NREL solar scientists epitomize teamwork
A Colorado carpenter's son, an African American from Indiana, a post-doctoral researcher from Senegal, and a young woman from China are working together to solve one of the most important problems in solar-cell efficiency.
When they're not laughing with each other, or meeting with a group of 20 to share strategies, the foursome of scientists at the U.S. Department of Energy's National Renewable Energy Laboratory is trying to control semiconductors' band gaps to make solar cells less expensive and more efficient. And along the way they're attempting to solve fundamental scientific questions about the nature of new opto-electronic materials.

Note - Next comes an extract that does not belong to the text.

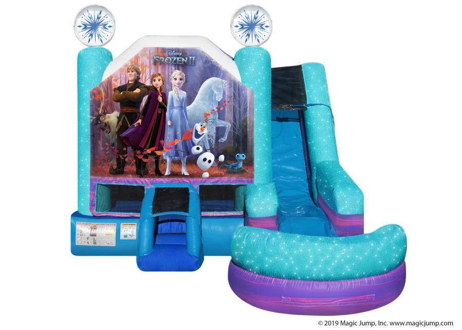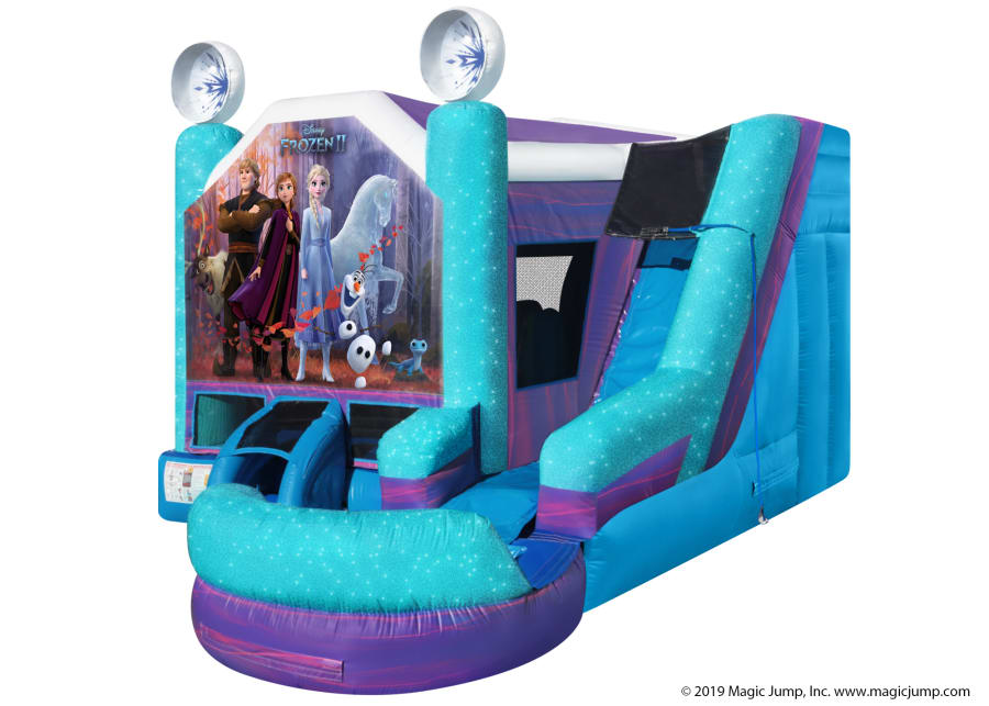 BIGGER THAN IT LOOKS!!!...Embark on a mythic journey with Elsa, Anna, Olaf, Kristoff and Sven with Magic Jump's Official DISNEY FROZEN 2 6-in-1 Combo unit. This Wet or Dry combo ride features six different inflatable activities: (1) a bigger bouncing area; (2) a basketball hoop; (3) inflated push-through, obstacle pop-ups; (4) a wall climber; (5) a "high platform" wet or dry slide; and (6) a removable pool/landing for wet use. It also features a special non-slip material that Magic Jump uses for safe use with water.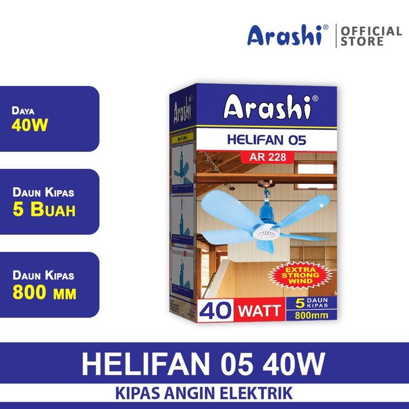 Kipas Angin Gantung Helifan Arashi 40watt Tipe : AR 228 Model : Helifan 05 Daya : 40 Watt Panjang baling : 30cm Voltase : 220V Frekuensi : 50Hz

They're the new face of science - collaborative and diverse, living proof that the age of the solo scientist shouting "Eureka!" has been replaced in the 21st century by multi-disciplinary teams with complementary skills.
David Ginley, the son of a carpenter, who grew up in suburban Denver near NREL's Golden, Colo., campus, leads the team.
He is joined by Joe Berry, a senior scientist, who hails from Indiana; Yi Ke, a graduate student from China who is doing her doctoral dissertation work at Colorado School of Mines and is experimenting with materials in NREL's Pulse Laser Deposition (PLD) lab; and Paul Ndione, the post-doc who oversees the PLD.
NREL team searching for better top layer
Despite tremendous gains made in processing and developing solar cells, most arrays on individual rooftops or in grid-connected solar fields still operate well below the nearly 30 percent theoretical conversion efficiency possible for a single absorber device. There are many opportunities to significantly improve the existing efficiency, sometimes while reducing the cost.
That means any breakthrough to add a percentage point or two to that efficiency is huge, and a big step toward making clean solar energy competitive with fossil fuels.
Most solar photovoltaics are composed of an active semiconductor absorber that absorbs the light, a junction to turn photons into charge carriers, and contacts to efficiently remove the carriers without blocking light. To accomplish this, the top layer, the one facing the sun, needs to be both transparent and able to conduct electrons with very little loss.
It's that top layer that is the subject of the NREL team's work. Lately, solar manufacturers have been using indium tin oxide for that transparent conducting oxide layer. However, indium is difficult to extract and is very expensive. So, scientists are searching for alternatives.
Zinc oxide is a promising candidate because it is both highly transparent and conductive, as well as being much more abundant, Ke said. It is also about 1 percent of the cost of indium tin oxide.
Ginley and his team want to add magnesium to the zinc oxide to improve its transparency and then to dope the ZnMgO with another material to boost its conductivity, all in the name of developing more efficient and more cost-effective solar cells.